To examine the composition of secreted C1q, the supernatant of the PBMCs was analyzed using western blot. The three chains of C1q were detected in the control supernatant as well as in the patient supernatant in reducing conditions. Surprisingly, the amount of C1q seems comparable between the patient and the control (Figure 4C). In non-reducing, non-denaturing conditions, the high molecular size of C1q (460 kDa) is detected only in a very low concentration compared to the supernatant of the healthy control (Figure 4D).

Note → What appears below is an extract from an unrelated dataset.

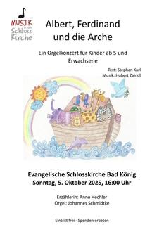 Herzliche Einladung zu einem unterhaltsamen Orgelkonzert für Familien am Sonntag, dem 05.10.2025, um 16:00 Uhr, in der Evang. Schlosskirche Bad König. Um welche biblische Geschichte es bei "Albert, Ferdinand und die Arche" wohl geht, ist unschwer zu erraten!

We performed an extensive electronic literature search from 1980 to 2016 using online databases (PubMed, Embase, and Medline). We found 15 C1q-deficient patients with NP-SLE. All these patients presented at least one major central nervous system (CNS) manifestation. Clinical and neuroimaging characteristics of these patients are summarized in Table S1 in Supplementary Material. Among all C1q-deficient patients with NP-SLE described so far in the literature, seizures was the most frequent NP symptom presented (10 patients; 67%) (6, 13–20). Furthermore, five patients (33%) presented with a series of severe non-specific NP symptoms characterized by encephalopathy and difficulties to walk associated with cerebral infarcts and thought to be related with a cerebral vasculitis (5, 13, 19–21). Transverse myelitis (6, 22) and psychosis (14, 22) were also present in two patients (13%). Neuroimaging of the brain showed as more frequent finding affection of basal ganglia (calcification or ischemic lesions) in 40% of the cases (16, 17, 19–21, 23) followed by cerebral vasculitis (27%) (13, 15, 20, 21) and brain atrophy (20%) (6, 17, 24).